Four-fifths of TrueBliss appear in Anika Moa Unleashed.

Pop CultureMarch 7, 2019

In praise of Anika Moa Unleashed’s 20 year reunion of TrueBliss

Four-fifths of TrueBliss appear in Anika Moa Unleashed.
Four-fifths of TrueBliss appear in Anika Moa Unleashed.

Anika Moa Unleashed finished up its second season with its most coveted and triumphant get yet: a 20 year reunion of TrueBliss.
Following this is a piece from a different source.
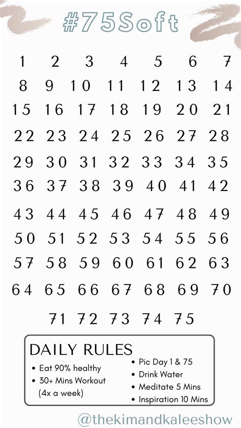 This 75 soft printable calendar will help you track how far into the challenge you are each day. Download our brand new 75 soft printable tracker for free and stay on top of your fitness goals. Ready to transform your health in 75 days? It includes the rules, a 75 day countdown, food log, body measurement trackers. No alcohol or cheat meals allowed. Wondering if you should do the 75 soft challenge?

Okay, so it’s not all of TrueBliss. But one less Carly Binding and one plus Anika Moa is still a pretty damn good effort at a reunion.

I’m getting ahead of myself, though.

I’m on the record as being a huge fan of Anika Moa and Anika Moa Unleashed. The show has, time and again, proven her as one of our nation’s finest interviewers. In some ways, she’s the flipside of should-be-a-Dame Kim Hill. There’s a disarming frankness to her that has her interviewees saying more than they’d perhaps planned on saying. She makes the jokes that everybody knows are lingering, and deflates any tension in the room by naming them. It clears the air and makes things more comfortable for her, the interviewee and the audience.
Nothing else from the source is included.